DIRECTIONS FOR THIS TASK
A word-for-word retyping of the listing below is required, with the pictures dropped.

::: GIVEN MATERIAL

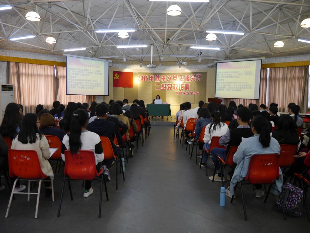 2016年11月13日TapTap点点员工党支部在多功能教室开展2016年秋季学期入党积极分子二级党校培训班。参加本次培训的对象为新推入党积极分子。本期培训班邀请了郑秀老师、郭薇老师、张勰老师、陈君老师担任主讲。
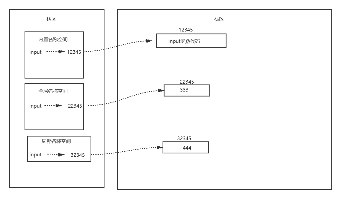 input = 333 def func(): # 2执行函数体内代码 input = 444 # 3局部变量名称input=444,将444的内存地址绑定给局部变量名称input func() # 1调用函数,回到函数定义函数阶段 print(input) # 4调用print函数,在全局名称空间查找input,通过input找到对应的内存地址
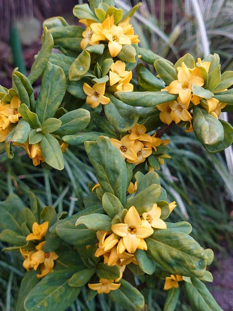 黄花沈丁花、初めて見ました。白ではないんですね。🥰

::::::

ANSWER TO THE PROBLEM
 2016年11月13日TapTap点点员工党支部在多功能教室开展2016年秋季学期入党积极分子二级党校培训班。参加本次培训的对象为新推入党积极分子。本期培训班邀请了郑秀老师、郭薇老师、张勰老师、陈君老师担任主讲。
 input = 333 def func(): # 2执行函数体内代码 input = 444 # 3局部变量名称input=444,将444的内存地址绑定给局部变量名称input func() # 1调用函数,回到函数定义函数阶段 print(input) # 4调用print函数,在全局名称空间查找input,通过input找到对应的内存地址
 黄花沈丁花、初めて見ました。白ではないんですね。🥰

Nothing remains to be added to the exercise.